I have a hardware timestamping issue with a Broadcom NIC that I'd like a few opinions on. I'm 95% sure it's a NIC / driver problem, but I need some expert opinions before I go down the vendor / manufacturer route.

Both ptp4l and a build of ptpd using the PHC subsystem exhibit similar problems - either daemon continuously thinks the PHC needs to be stepped forward, anywhere from 1 - 1.5 seconds for each second of wall clock time.

If I do some simple tests with linux/Documentation/ptp/testptp.c, it appears the PHC is spinning at about half the Hz it should be doing (it takes roughly 2 real seconds for the PHC to advance 1 second).
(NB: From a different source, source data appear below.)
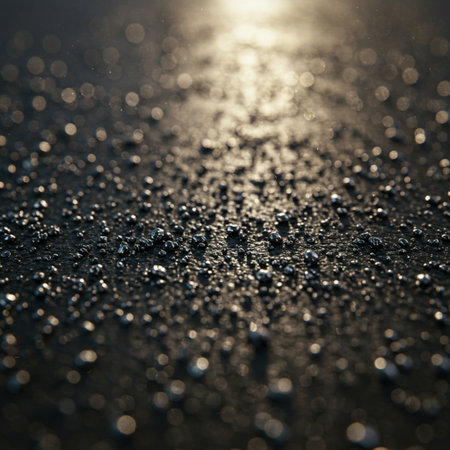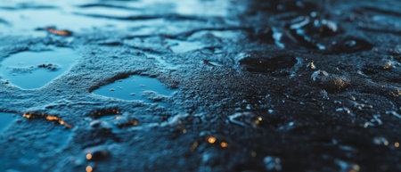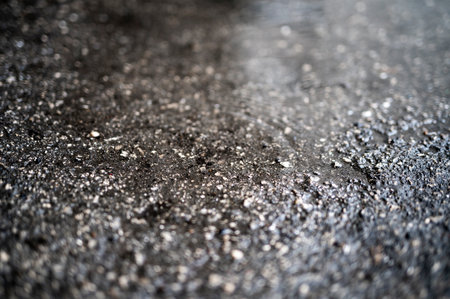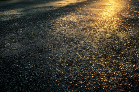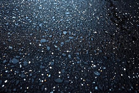 Close up rain wet asphalt micro sparkles dusk moody wallpaper background representing urban surface detail suitable for modern design
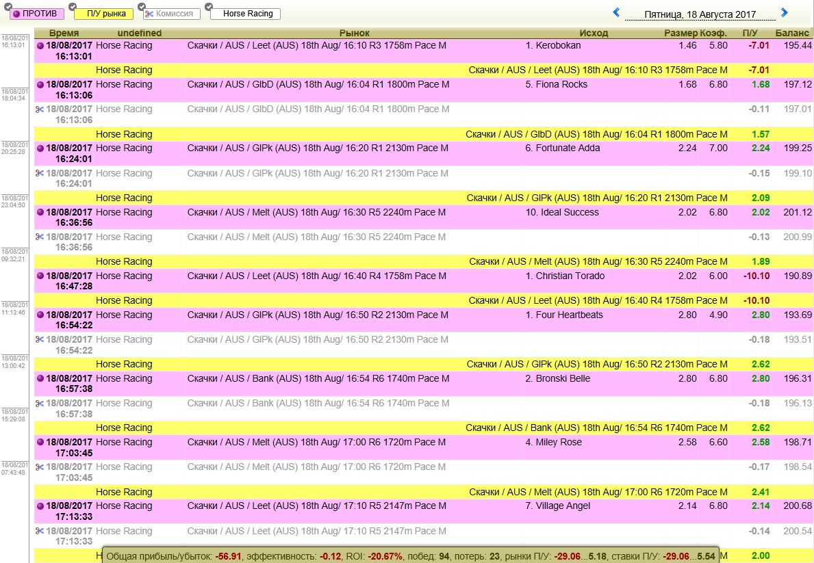 Betfair, скачки, прибыльный триггер для MarketFeeder Pro
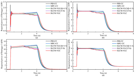 Figure 12 illustrates the power variation during the operation of each outrigger. At the beginning of start-up, substantial power is required by each controller to counteract the gravitational potential energy imposed by the crane on the outrigger. Notably, high instantaneous power is exhibited by the PID-CC, which may affect the safety of the controller. During the leveling process, the proposed SLCM-VCL (including fixed weight and T-S type) consistently consumes less power than the MPC-CC. After 2 s, the proposed SLCM-VCL shows a clear reduction in required power and no oscillation compared with fixed-weight and T-S types. These observations align with the results in Figure 10 and Figure 11, indicating that the position–force mechanism in the DFCC is activated, and the change in the weight Q generated by the fuzzy controller is stable. These results show that the proposed SLCM-VCL not only ensures position–force coordination but also produces lower and stable power requirements.
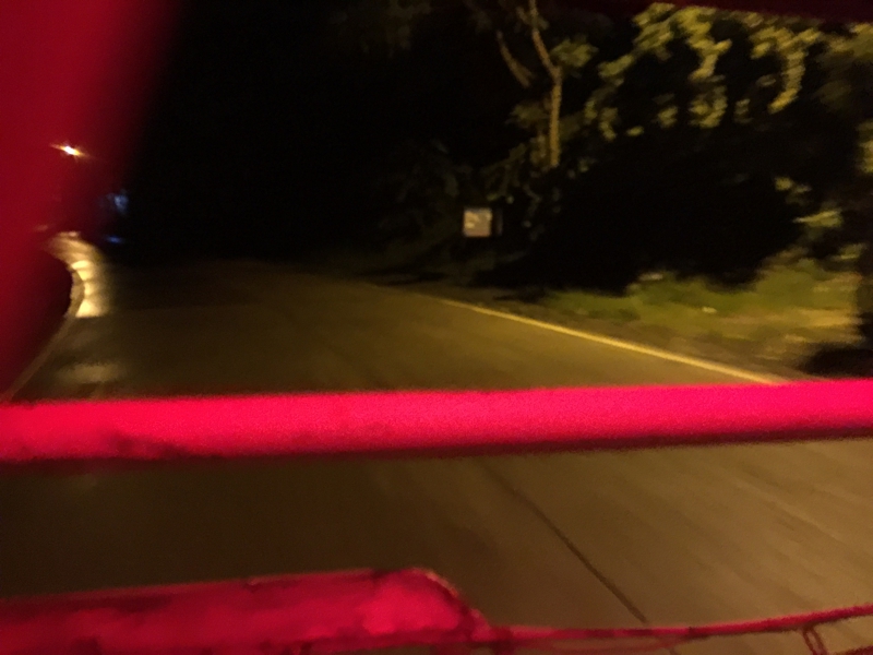 また乗り心地の決して良くない昨日と同じトライシクルに乗り込みます。雨は結構降って来ています。夜走るとこの辺は真っ暗、おそらく放り出されたらなすすべもないでしょう? 後ろを振り返ってみるとライト、街灯のない道は真っ暗、何も見えません。

While it is an anecdotal observation, half as fast seems rather uniform a problem, like there's a /2 somewhere gone wrong in the driver code... If I wanted to dig into the bnx2x source, any pointers on where to start looking?



The rest of this email are log file + relevant details about the OS and NIC...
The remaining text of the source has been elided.